Under "limited circumstances," proof of a municipality's "failure to train can be the basis for liability under § 1983" (Canton v Harris, 489 US at 387 [internal quotation marks omitted]). However, "[o]nly where a municipality's failure to train its employees in a relevant respect evidences a deliberate indifference' to the rights of its inhabitants can such a shortcoming be properly thought of as a city policy or custom' that is actionable under § 1983" (Canton v Harris, 489 US at 389; see Pendleton v City of New York, 44 AD3d 733. 736-737). To sustain a claim based upon inadequate training, a plaintiff must demonstrate not only that there is a deficiency in the actor's training, but also that the deficiency identified is "closely related to the ultimate injury" (Canton v Harris, 489 US at 391).

Here, the defendants made a prima facie showing that the police officers were adequately trained. Moreover, although the defendants failed to make a prima facie showing that the officers were not negligent in guarding him, that failure did not prevent them from establishing their entitlement to judgment as a matter of law dismissing the cause of action under 42 USC § 1983 (see County of Sacramento v Lewis, 523 US 833; Lombardi v Whitman, 485 F3d 73, 79). In opposition to the defendants' prima facie showing, the plaintiff failed to identify any specific deficiency in the officers' training or to identify any way in which additional training would have improved the officers' response to the situation with which they were confronted (see Walker v City of New York, 974 F2d 293, 297, cert denied 507 US 961, cert denied 507 US 972).

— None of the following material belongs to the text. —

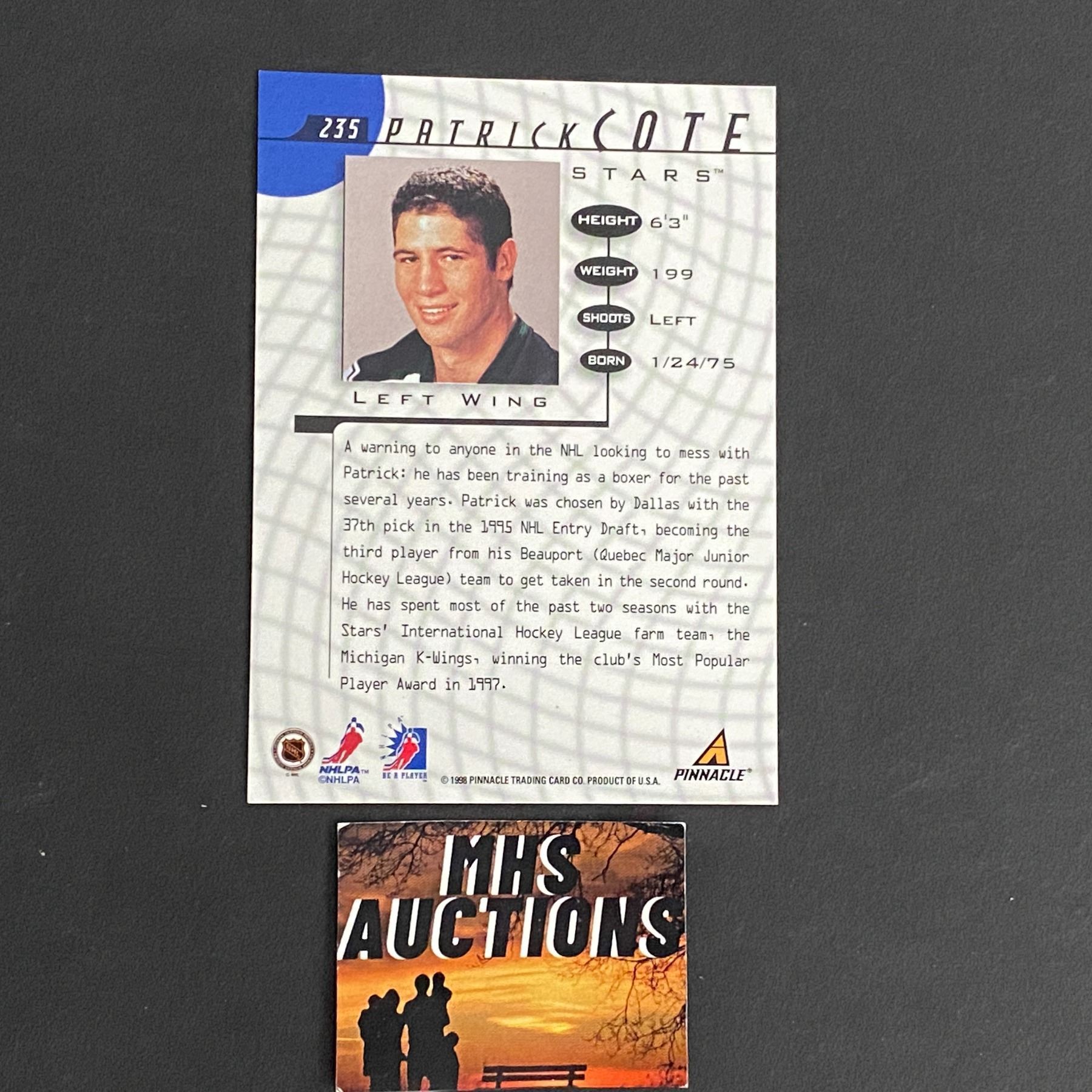 PATRICK COTE 1998 PINNACLE BE A PLAYER AUTOGRAPHED HOCKEY CARD

Similarly, assuming that arrested persons have a right to prompt medical care under the Eighth Amendment of the United States Constitution (see Estelle v Gamble, 429 US 97, 103, cert denied 434 US 974; Canton v Harris, 489 US at 381-382, 391), a plaintiff cannot sustain a cause of action under 42 USC § 1983 absent proof that the police exhibited "deliberate indifference to [his or her] serious illness or injury" by providing inadequate treatment, "intentionally denying or delaying access to medical care[,] or intentionally interfering with the treatment once prescribed" (Estelle v Gamble, 429 US at 104-105; Whitley v Albers, 475 US 312, 319). In this case, there is no indication that the delay of a few minutes had any ill effect on the plaintiff's injury, or caused him any pain that he would not otherwise have suffered (see Estelle v Gamble, 429 US at 103, 105; see generally Land v City of New York, 177 AD2d 477, 477-478). In addition, there is no indication that the police delayed or interfered with emergency personnel once they arrived (see Estelle v Gamble, 429 US at 104-105).

Thus, the Supreme Court properly granted that branch of the defendants' motion which was for summary judgment dismissing the cause of action to recover damages for violation of 42 USC § 1983.

The plaintiff's remaining contention is without merit.

RIVERA, J.P., DICKERSON, CHAMBERS and HALL, JJ., concur.